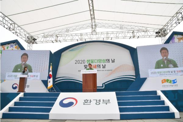 ‘자연에 답이 있다(Our solutions are in nature)’라는 주제로 개최 된 이번 행사는 생활 속 거리두기 실천을 위해 야외 공간에서 조명래 환경부장관, 이철우 경상북도지사, 강영석 상주시장 등 50여 명이 참 석한 가운데 개최됐다.
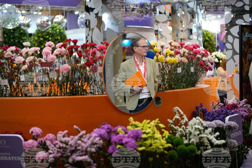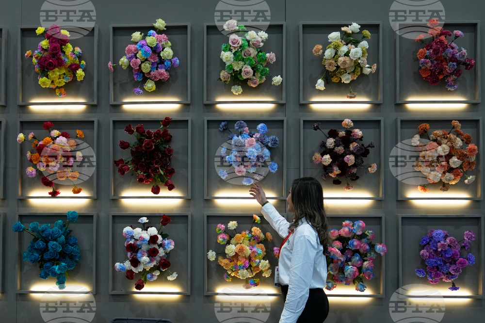 A visitor tours Proflora, a biennial fair where international flower sellers exhibit the latest trends, in Bogota, Colombia, Wednesday, Oct. 1, 2025. (AP Photo/Fernando Vergara)
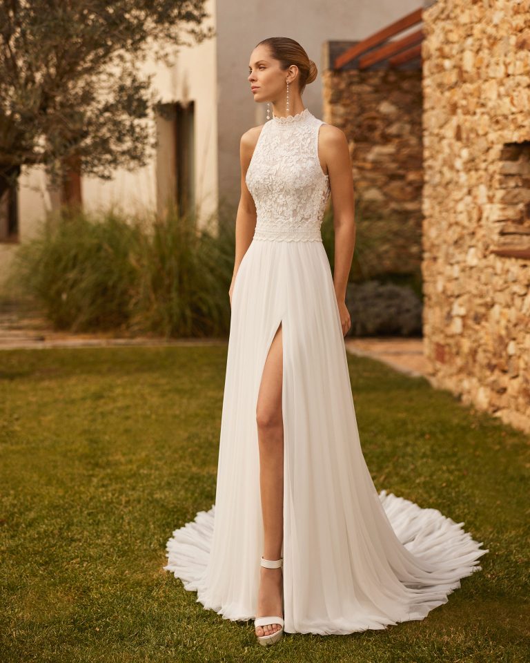 Abito da sposa scivolato dal taglio dritto in mussolina, con corpino in pizzo e perline e collo halter, un dettaglio che rappresenta una delle tendenze più in voga nella moda bridal. La schiena aperta e lo spacco nella gonna aggiungono un tocco sensuale e raffinato.

## Task details
Find the line that contains "A visitor tours". Copy it and every line after it through the end of the listing exactly, but not the pictures.

## Written solution
 A visitor tours Proflora, a biennial fair where international flower sellers exhibit the latest trends, in Bogota, Colombia, Wednesday, Oct. 1, 2025. (AP Photo/Fernando Vergara)
 Abito da sposa scivolato dal taglio dritto in mussolina, con corpino in pizzo e perline e collo halter, un dettaglio che rappresenta una delle tendenze più in voga nella moda bridal. La schiena aperta e lo spacco nella gonna aggiungono un tocco sensuale e raffinato.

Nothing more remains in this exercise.